MGM Resorts Fined $8.5 Million for Compliance Violations
The Nevada Gaming Commission recently sanctioned MGM Resorts International with an $8.5 million fine following a stipulated agreement related to a complaint filed by the Nevada Gaming Control Board. The board alleged that MGM knowingly allowed three illegal bookmakers to gamble at its establishments, raising concerns about the integrity of operations within the state’s gaming sector.
Details of the Allegations
The commission’s findings indicated that these illegal bookmakers participated in gambling at MGM properties on over 700 occasions, including at both the MGM Grand and Cosmopolitan, the latter of which MGM acquired. “One bad apple can ruin years of great work,” stated Nevada Gaming Commissioner Brian Krolicki, highlighting the potential reputational damage associated with these violations.
Commissioner’s Insights
Krolicki commended MGM for its overall culture of compliance, despite the serious nature of the allegations. He noted that approximately 2,600 individuals have been banned from MGM properties in the past decade and that the company had filed 46,000 suspicious activity reports (SARs), indicating a substantial commitment to regulatory adherence. “That is a culture of compliance. You should be proud of it,” he remarked.
Another commissioner, Rosa Solis-Rainey, emphasized that the situation surrounding MGM was distinct from similar cases, acknowledging that the company had long maintained a strong compliance culture that predated the current issues.
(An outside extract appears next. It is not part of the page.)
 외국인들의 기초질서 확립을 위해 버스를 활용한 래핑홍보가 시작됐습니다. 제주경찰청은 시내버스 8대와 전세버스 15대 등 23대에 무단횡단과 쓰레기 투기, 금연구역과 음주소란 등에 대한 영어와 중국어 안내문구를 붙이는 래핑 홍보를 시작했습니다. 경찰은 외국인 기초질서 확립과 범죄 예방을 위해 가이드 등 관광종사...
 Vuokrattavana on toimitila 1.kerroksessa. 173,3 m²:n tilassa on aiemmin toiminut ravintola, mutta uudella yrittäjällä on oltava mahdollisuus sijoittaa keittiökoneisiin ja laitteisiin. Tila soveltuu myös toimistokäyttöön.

MGM’s Response and Compliance Efforts
Scott Scherer, a former member of the Gaming Control Board who represented MGM, noted that this incident underscored a vulnerability in the company’s compliance program. “Unfortunately, this case exposed one of the weaknesses in that program – when employees forget their responsibilities or decide not to fulfill those responsibilities,” he explained.
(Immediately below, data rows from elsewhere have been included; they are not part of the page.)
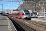 S40 nach Rapperswil verlässt den Bahnhof Einsiedeln. Einsiedeln, 11.01.2021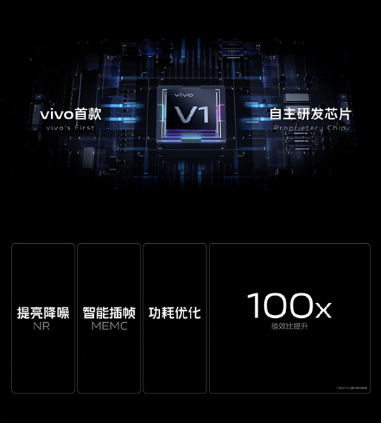 Vivo X70 — первые смартфоны бренда с собственным процессором изображения Vivo V1. Он обеспечивает работу системы интеллектуального шумоподавления и технологии MEMC, приспособленной специально для более плавной картинки при захвате видео. При этом гарантируется более низкое энергопотребление, в сравнении с DSP однокристальной платформы. V1 позволяет улучшить ночную фото- и видеосъёмку, но он установлен только в топовых моделях — X70 Pro и X70 Pro+.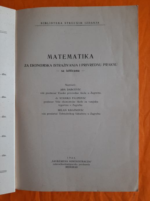 Matematika za ekonomska istraživanja i privrednu praksu sa tablicama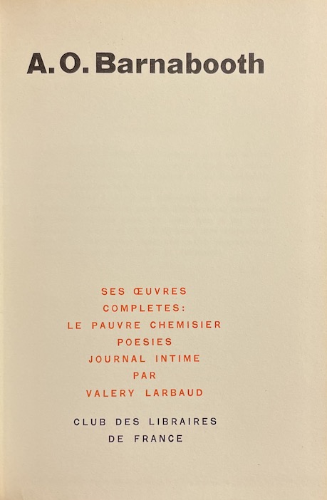LARBAUD (Valery) A. O. Barnabooth, ses oeuvres complètes. Paris, Club des Libraires de France, 1957.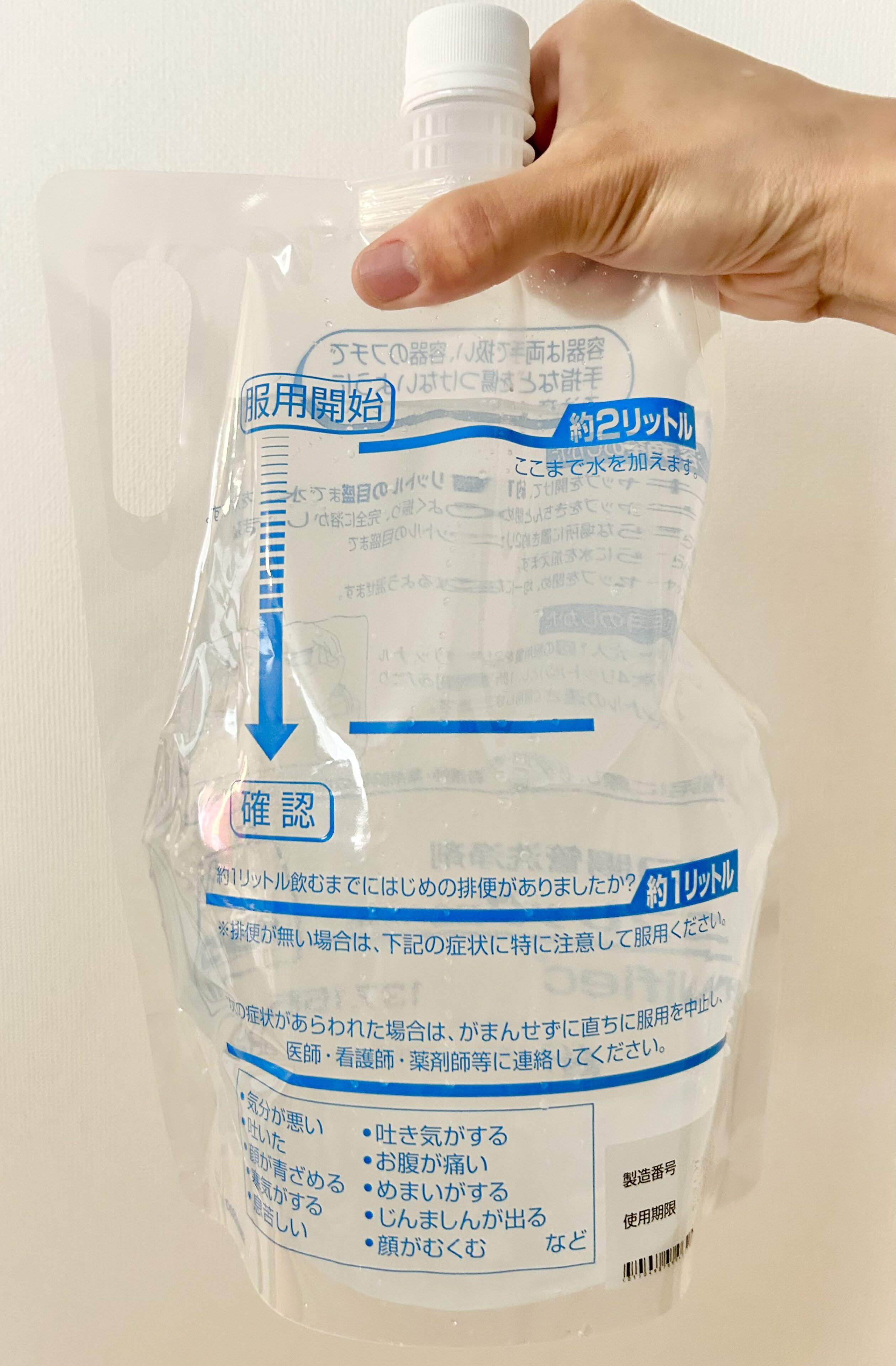 下剤を飲みながら白湯などの温かい飲み物を間に挟みながらの方がラクだったかもしれません。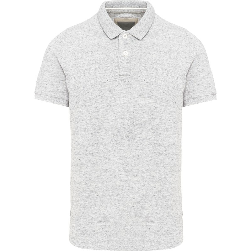 100% coton (Ash Heather : 98% coton / 2% viscose). Maille piquée aspect "Vintage". Col en bord-côte. Double bande de propreté en chevron à l'encolure et fentes côté. Patte de boutonnage 2 boutons contrastés. Finition double aiguille bas de vêtement et bord-côte au bas de manche. Ce produit a subi un traitement spécial et présente un aspect volontairement vieilli. Ce procédé de fabrication implique des variations de couleurs d'un produit à l'autre et rend chaque pièce unique. Pas d'étiquette de marque au col, uniquement une indication de taille pour faciliter la personnalisation.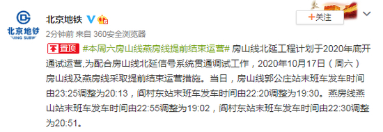 原标题: 本周六房山线燕房线提前结束运营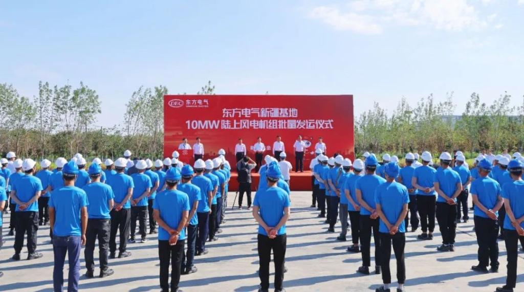 6月24日,尊龙人生就是博ag电气新疆新能源高端装备制造基地(简称“尊龙人生就是博ag电气新疆基地”)举行10兆瓦陆上风电机组批量发运仪式。尊龙人生就是博ag电气集团党组书记、董事长俞培根出席仪式并讲话。新疆昌吉州人大常委会党组成员、木垒县委书记张辉,木垒县委副书记、县长哈比勒贝克出席仪式。

MGM’s General Counsel, John McManus, defended the company’s practices, indicating that compliance is a fundamental aspect of MGM’s operations: “This is not an organization where compliance is a priority until it’s inconvenient for the business. Compliance is what makes the business possible,” he stated.
Consequences for Individuals Involved
In related developments, former MGM Grand president Scott Sibella pled guilty in federal court for failing to submit a suspicious activity report in 2018 and agreed to relinquish his Nevada gaming license for five years. This case underscores the personal ramifications that can arise from compliance failures within the organization.
Continuing Investigations
Further scrutiny into MGM’s practices is ongoing, particularly with federal investigations into both MGM Resorts and Resorts World. Notably, Resorts World recently agreed to a $10.5 million penalty for similar violations. As of now, no federal actions have been taken against Resorts World.
Conclusion
The hefty fine imposed on MGM Resorts International serves as a stark reminder of the critical nature of compliance within the gaming industry. As regulations continue to evolve, companies must remain vigilant to ensure the integrity of their operations while safeguarding their reputation.